#### REQUIREMENT:
Using the records below, write out only the lines from the line containing "- łazienka z wanną, umywalką, WC i pralką" up to and including the line containing "Eletech Aristotle (copper)", exactly, with no pictures.

#### MATERIAL TO PROCESS:

------------

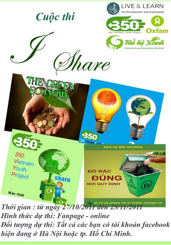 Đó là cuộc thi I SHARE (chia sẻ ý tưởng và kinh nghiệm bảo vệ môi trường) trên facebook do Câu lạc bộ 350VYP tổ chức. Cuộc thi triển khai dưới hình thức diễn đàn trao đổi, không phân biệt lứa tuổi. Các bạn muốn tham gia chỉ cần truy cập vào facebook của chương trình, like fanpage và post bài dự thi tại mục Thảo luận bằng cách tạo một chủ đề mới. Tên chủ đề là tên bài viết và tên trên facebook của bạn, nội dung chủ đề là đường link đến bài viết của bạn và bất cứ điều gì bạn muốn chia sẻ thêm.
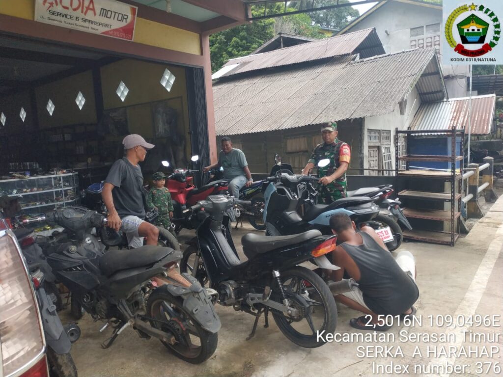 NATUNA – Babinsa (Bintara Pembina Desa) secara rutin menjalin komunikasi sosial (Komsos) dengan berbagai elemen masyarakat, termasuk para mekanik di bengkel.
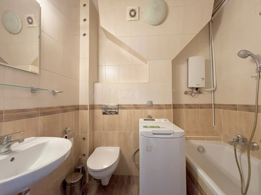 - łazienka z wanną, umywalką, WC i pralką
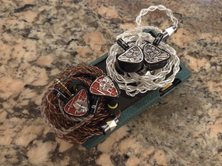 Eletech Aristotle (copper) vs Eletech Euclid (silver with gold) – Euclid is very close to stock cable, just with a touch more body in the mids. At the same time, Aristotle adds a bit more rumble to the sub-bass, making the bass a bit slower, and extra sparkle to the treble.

------------

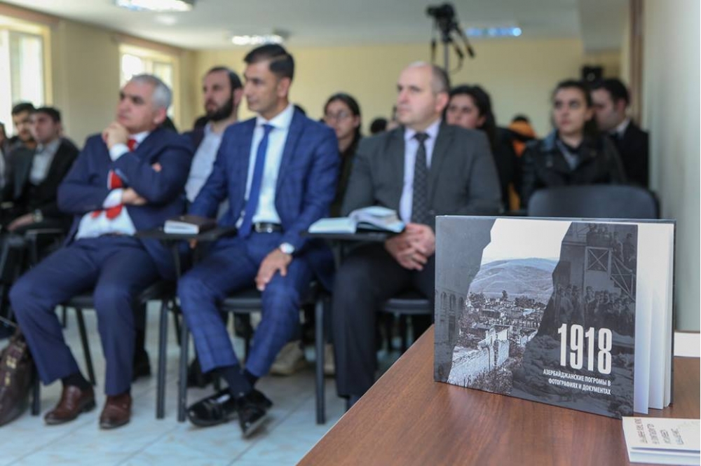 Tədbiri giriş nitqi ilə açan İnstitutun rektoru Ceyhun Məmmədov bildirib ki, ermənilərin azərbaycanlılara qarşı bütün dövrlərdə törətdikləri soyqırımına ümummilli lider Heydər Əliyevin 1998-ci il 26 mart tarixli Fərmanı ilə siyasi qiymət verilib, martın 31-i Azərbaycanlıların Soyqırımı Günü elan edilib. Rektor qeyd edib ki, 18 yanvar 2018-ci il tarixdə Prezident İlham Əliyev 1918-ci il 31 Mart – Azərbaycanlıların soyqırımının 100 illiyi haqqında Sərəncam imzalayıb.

------------

#### RESPONSE BOX:
 - łazienka z wanną, umywalką, WC i pralką
 Eletech Aristotle (copper) vs Eletech Euclid (silver with gold) – Euclid is very close to stock cable, just with a touch more body in the mids. At the same time, Aristotle adds a bit more rumble to the sub-bass, making the bass a bit slower, and extra sparkle to the treble.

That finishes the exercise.